= INSTRUCTIONS FOR THE TASK =
Exact copy, pictures excluded: the lines from the one containing "Le blanc éclatant" to the end of the listing.

= DATA PROVIDED =
——————————
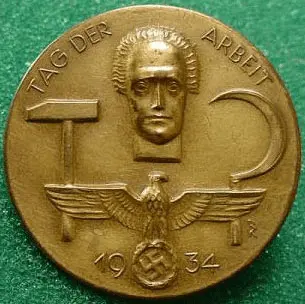 Well--as a symbol of the working man....in the context of the times--maybe--this is an original medal struck as a Labor Day memento:They even displayed the communist hammer and cycle with the swastika for a while.No they were not. All the proof of that you need is to look at the Nazis we still have in America and other parts of the world. Calling them socialists would probably earn you an ass beating. The original Nazis played socialist to the labor unions. They played Christian to the religious people. They played capitalist to the rich and monarchist to the aristocrats. In the end they were whatever it took to hoodwink the German people. Turns out they were simply a fascist kleptocracy.Ummm...I said nothing about Tommys past whatever...I simply stated a clear historic fact. The Nazis were socialists----GERMANYS national socialist party and since we went to war against the Nazis (aka socialists) that he whoever he was..was indeed correct in saying we went to war to free the Europeans from the socialists in ww2.Ummm....NAZIS were socialist hun. So yes, we fought ww2 to free Europe from the socialists.![]()
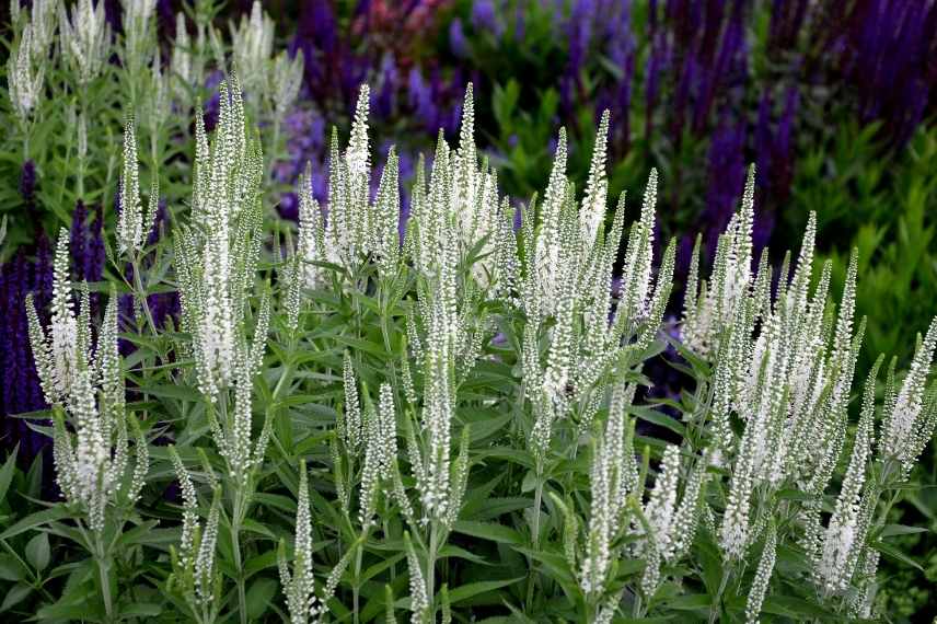 Le blanc éclatant de Veronicastrums sert de faire-valoir aux autres couleurs, en renforçant le bleu profond du second plan
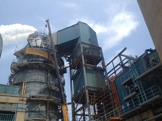 協(xié)鑫太倉(cāng)超低排放項(xiàng)目吸收塔增高成功頂升
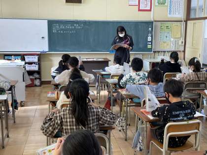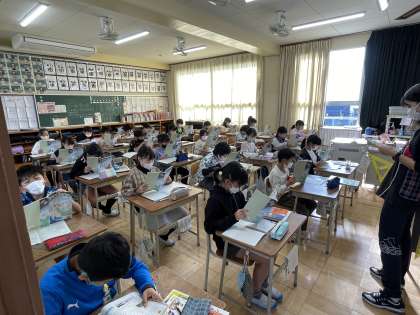 4年生の社会の授業のようすです。大地震が起きたときに備えて、緊急地震速報のしくみについて学んでいました。
——————————
= SOLUTION FOR THIS TASK =
 Le blanc éclatant de Veronicastrums sert de faire-valoir aux autres couleurs, en renforçant le bleu profond du second plan
 協(xié)鑫太倉(cāng)超低排放項(xiàng)目吸收塔增高成功頂升
 4年生の社会の授業のようすです。大地震が起きたときに備えて、緊急地震速報のしくみについて学んでいました。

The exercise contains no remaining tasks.